> Work to complete
Up to and including the line holding "SKMEI Ladies Fashion", write out the data exactly from its first line, but not the pictures.

> Exercise material

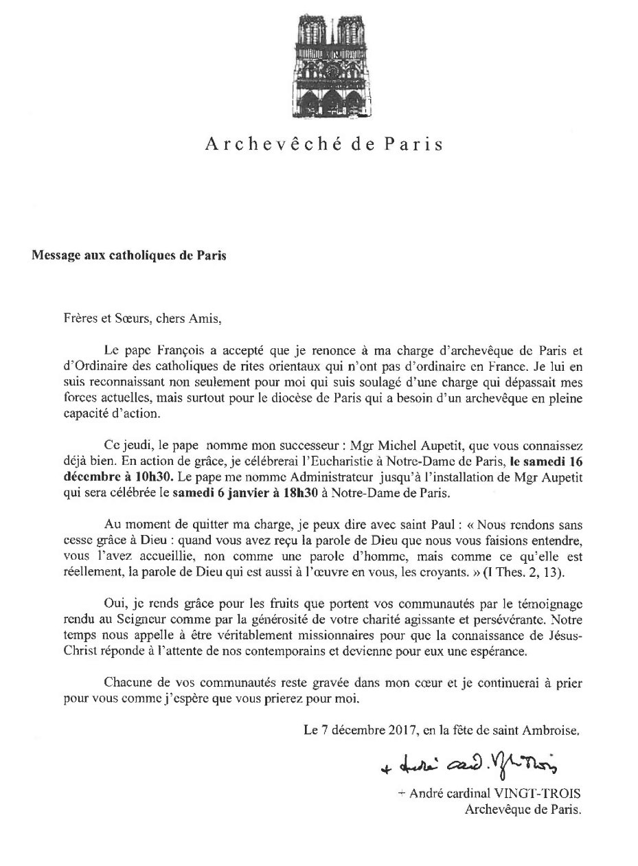 Accueil » Nos archives » La lettre d’adieu du cardinal Vingt-Trois Perepiscopus La lettre d’adieu du cardinal Vingt-Trois Article précédentPremier entretien du nouvel archevêque de Paris Article suivantLe pitoyable spectacle offert aux chrétiens d'Orient 7 décembre 2017
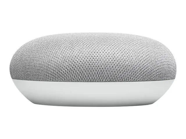 Google Home Mini, Google Assistant, Pyöreä, Harmaa, Valkoinen, Kangas, Muovi, Silikoni, Chromecast, Chromecast Audio, Android 5.0, Android 5.1, Android 6.0, Android 7.1, Android 7.1.2, iOS 9.1, iOS 9.2, iOS 9.3
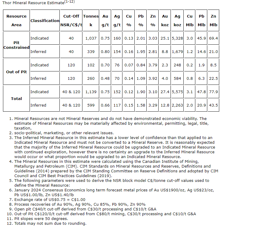 Taranis Resources Inc. has provided an updated mineral resource estimate (MRE) for its 100-per-cent-owned Thor project in British Columbia. The Thor project consists of approximately 3,800 hectares of mineral tenures, and 27 Crown grant mining claims. Taranis owns the minerals outlined in the mineral resource estimate update -- precious and base -- in fee simple.
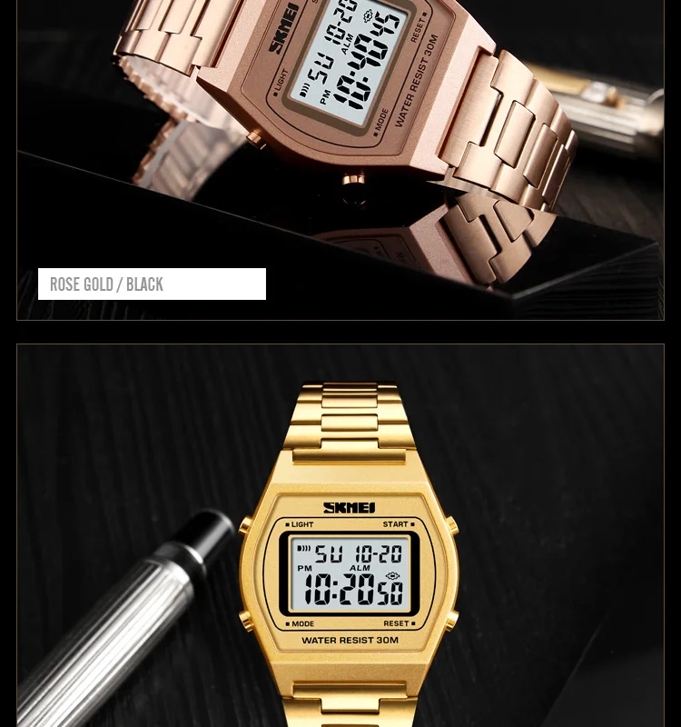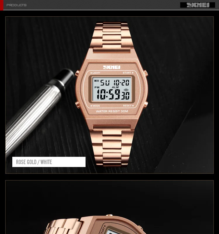 SKMEI Ladies Fashion Watches Outdoor Sport Luxury Alloy Digital Watch Strap Business Relogio12/24 Hours Relogio Feminino Digital
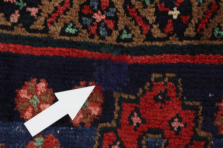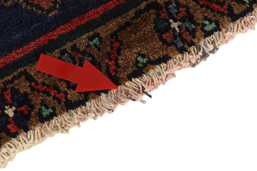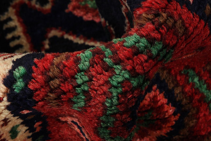 Abrash: Due to the different amount of grease in the wool and the added salt during the process of dyeing, the wool has got a varying colour absorbance. This is not very visible before weaving. During the weaving though, lines of the same colour are formed in the carpet. This is called Abrash (which in Farsi means little cloud) and it shows that the wool was not manufactured using chemical means and marks the naturalness and authenticity of the carpets. Examples

> Answer
 Accueil » Nos archives » La lettre d’adieu du cardinal Vingt-Trois Perepiscopus La lettre d’adieu du cardinal Vingt-Trois Article précédentPremier entretien du nouvel archevêque de Paris Article suivantLe pitoyable spectacle offert aux chrétiens d'Orient 7 décembre 2017
 Google Home Mini, Google Assistant, Pyöreä, Harmaa, Valkoinen, Kangas, Muovi, Silikoni, Chromecast, Chromecast Audio, Android 5.0, Android 5.1, Android 6.0, Android 7.1, Android 7.1.2, iOS 9.1, iOS 9.2, iOS 9.3
 Taranis Resources Inc. has provided an updated mineral resource estimate (MRE) for its 100-per-cent-owned Thor project in British Columbia. The Thor project consists of approximately 3,800 hectares of mineral tenures, and 27 Crown grant mining claims. Taranis owns the minerals outlined in the mineral resource estimate update -- precious and base -- in fee simple.
 SKMEI Ladies Fashion Watches Outdoor Sport Luxury Alloy Digital Watch Strap Business Relogio12/24 Hours Relogio Feminino Digital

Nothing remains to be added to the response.